### Exercise data
:::::
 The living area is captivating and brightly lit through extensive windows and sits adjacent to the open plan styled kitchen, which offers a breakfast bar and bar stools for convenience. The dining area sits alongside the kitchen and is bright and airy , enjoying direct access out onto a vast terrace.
:::::
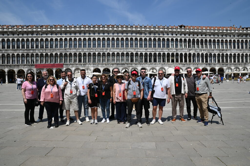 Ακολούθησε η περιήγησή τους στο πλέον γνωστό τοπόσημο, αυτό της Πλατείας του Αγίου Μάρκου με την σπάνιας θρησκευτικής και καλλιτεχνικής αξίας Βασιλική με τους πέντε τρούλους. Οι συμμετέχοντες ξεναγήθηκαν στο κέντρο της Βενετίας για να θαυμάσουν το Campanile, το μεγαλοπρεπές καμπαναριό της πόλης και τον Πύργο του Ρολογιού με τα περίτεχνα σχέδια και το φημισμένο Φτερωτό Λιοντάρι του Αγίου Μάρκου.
:::::
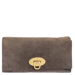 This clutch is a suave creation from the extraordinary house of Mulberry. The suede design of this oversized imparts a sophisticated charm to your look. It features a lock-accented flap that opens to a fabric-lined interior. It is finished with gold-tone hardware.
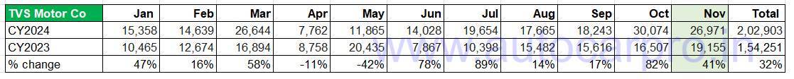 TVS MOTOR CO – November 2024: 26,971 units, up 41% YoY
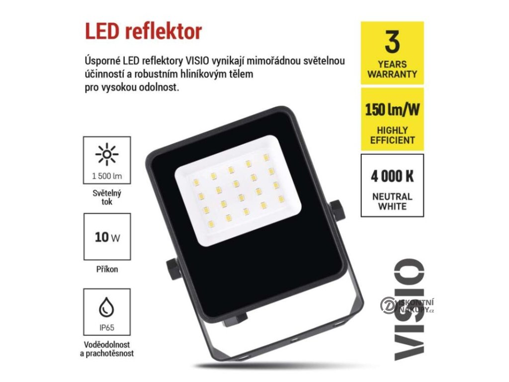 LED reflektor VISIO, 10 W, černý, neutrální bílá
:::::
### Work instructions
Return word for word the lines of the listing above, starting at the line with "TVS MOTOR CO" and ending at the line with "LED reflektor VISIO, 10", both included. Pictures do not belong in the copy.

### Result of this exercise
 TVS MOTOR CO – November 2024: 26,971 units, up 41% YoY
 LED reflektor VISIO, 10 W, černý, neutrální bílá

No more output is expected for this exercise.